On the 15th of June 2004, it was the day that I first migrated to Australia. I remembered having many first moments in my life as a 10-year-old who could barely speak English. Upon breathing the cold, fresh dry air of Sydney, my asthma was gone! I was astounded by how quiet, spacious, clean and organised the streets and the neighbourhoods were. It was also the first time in my life where I was truly at peace. I’ve always thought I’d face racism everywhere I go as a Chinese Indonesian. But my concerns were unfounded.

No one really bats an eye for me as an Asian. I no longer have to justify my existence for being a mixed ethnic or a multi-faith child.
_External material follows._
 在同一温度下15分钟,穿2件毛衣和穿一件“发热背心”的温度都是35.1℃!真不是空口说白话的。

None of these things mattered anymore in Australia. My family didn’t even mind starting from the bottom again when we moved here. Having overcome the hardships of poverty and social discriminations in Indonesia, and knowing that this country guarantees protections and welfare of its citizens and population, this was a huge blessing for us all and we can really work hard to better our lives as a result.

But perhaps the biggest culture shock for me when I moved to Australia was its egalitarian values being practiced on the day-to-day life as well as its culture of accountability. I’m not painting a dark picture of the rest of the world, but there’s not many places where a lot of us can actually feel we can have certainty with our future and trajectory once we put our hard work into it. I’m not saying nepotism doesn’t exist here, but it is far less than the rest of the world. The Meritocracy idea is well and truly alive here. But it wasn’t all rosy and sweet when we first moved here.
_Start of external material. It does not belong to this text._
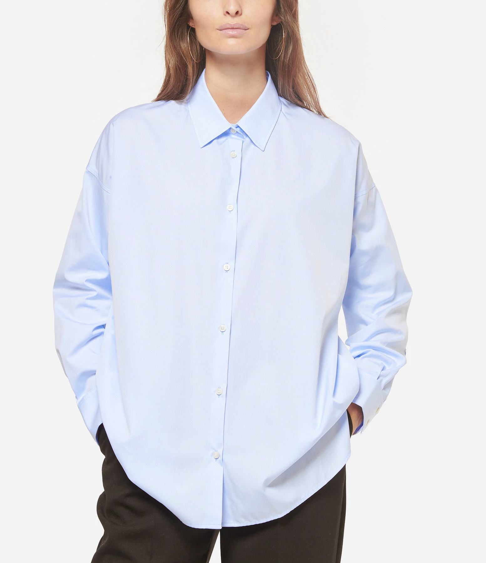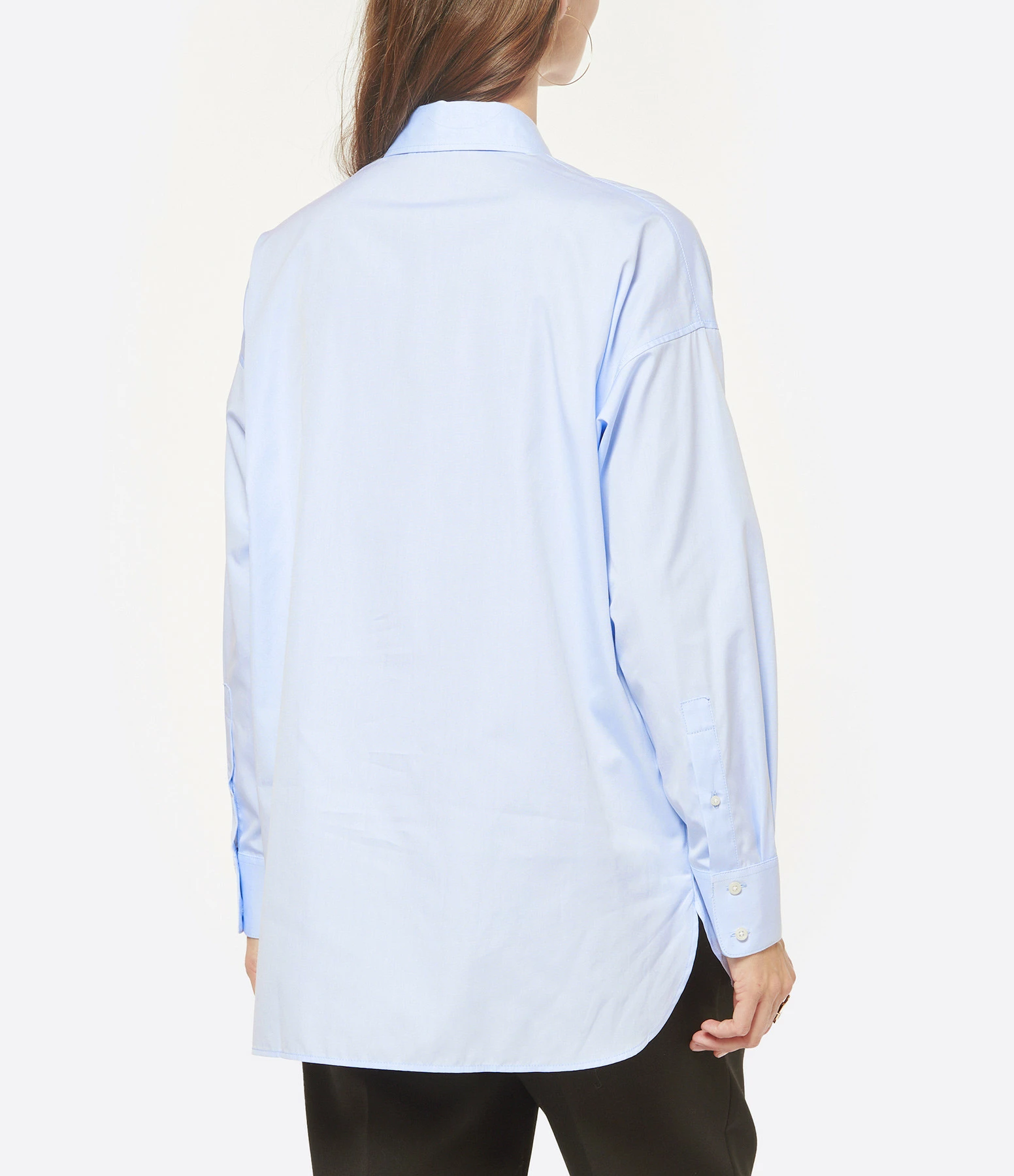 Chemise en coton bleu. Col chemise. Manches longues. Fermeture boutonnée. Coupe ample. Base arrondie.

My family’s qualifications weren’t recognised upon moving to Australia. All of us have to work in many labour-intensive jobs to make ends meet. I couldn’t do much as a high school kid besides helping around the house and learning English and following the school curriculum. I too eventually also work in labour intensive service jobs during my studies to help the family. Learning English wasn’t exactly easy to pick up for my mother. Both my sister and eventually I had to become the translator of the family. I had no choice but to help my mum’s legal documentations and her TAFE courses and assignments. And we had to make sure we did everything right to become good citizens, proving to our fellow local Australians of our values to society. It took us some time to get settled, and after around seven years we did just that. We were able to call ourselves Australians and we became fully adjusted to where we are now.

 

Pictured: Alfred Pek, Mother (left) and Sister (right)

 

However, whilst pursuing a media degree at university, I was eventually exposed to the cruel politics and the reality of how Australians treat its refugees in its detention centres on the mainland, Manus Island, Nauru, and arguably Indonesia. It took me a while to even grasp a concept of it because I would have thought people seeking refuge would come by plane. How would they even be able to come by boat? At first, I really feel like we as immigrants were betrayed that people like them who “skipped” the immigration process. Why couldn’t they go and join the process like everyone else?
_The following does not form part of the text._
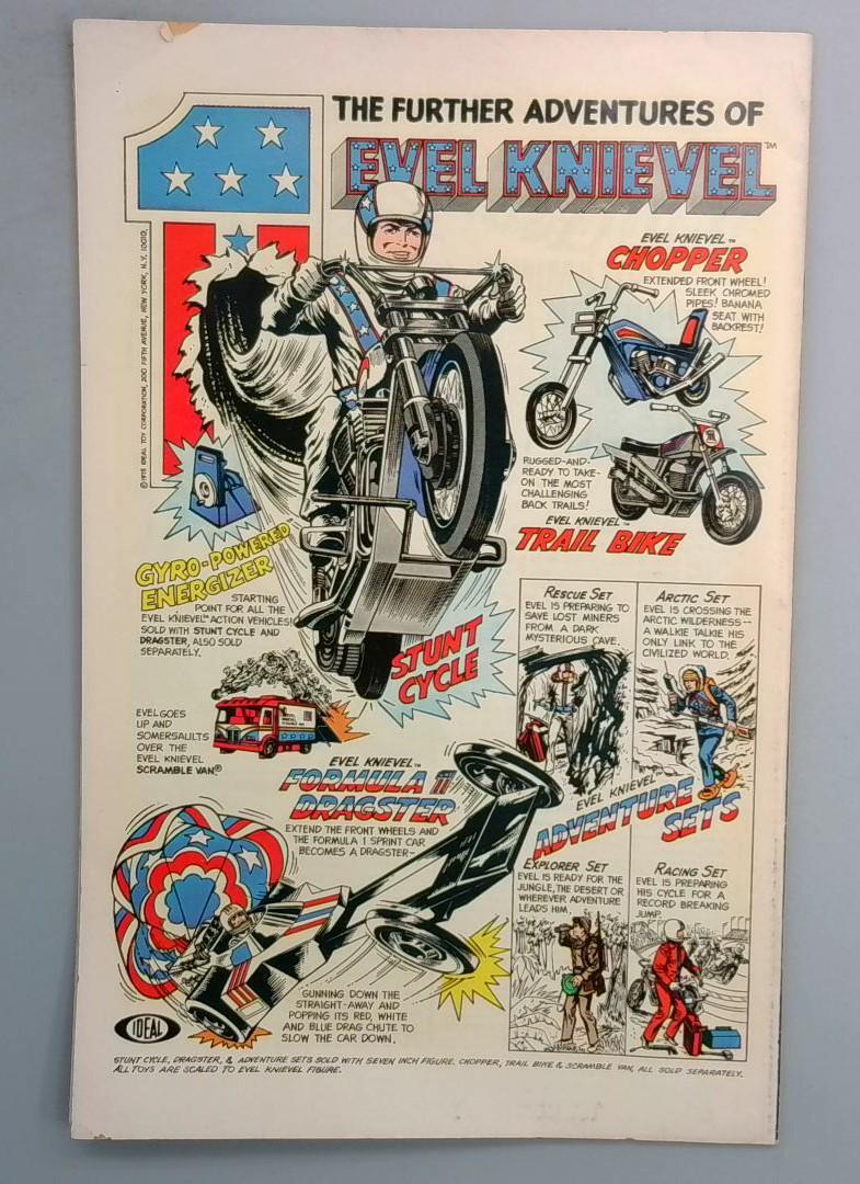 THE FURTHER ADVENTURES OF EVEL KNIEVEL - A promotional insert or bonus feature advertising Evel Knievel action vehicles and adventure sets. The page highlights multiple themed playsets including the Chopper with gyro-powered energizer, Stunt Cycle, Formula I Dragster, and various Adventure Sets themed around rescue, arctic, explorer, and racing scenarios. Each vehicle came with a seven-inch Evel Knievel figure and detailed accessories.

Of course, then I was enlightened that there were no processes for these people to even seek protection in the region in the first place. Those fleeing persecution often come from places that are difficult to obtain any sort of visa to safe countries. And if money isn’t the issue, they can actually afford people smugglers. Because, unfortunately, these very exploitative smugglers are the only saviours that these people can rely on, much like Oskar Schindler smuggling the Jews from the Nazis. And for some they don’t even have citizenship anywhere to begin with. Where can they even be deported? How could these ever seek protection in any legal sort of way?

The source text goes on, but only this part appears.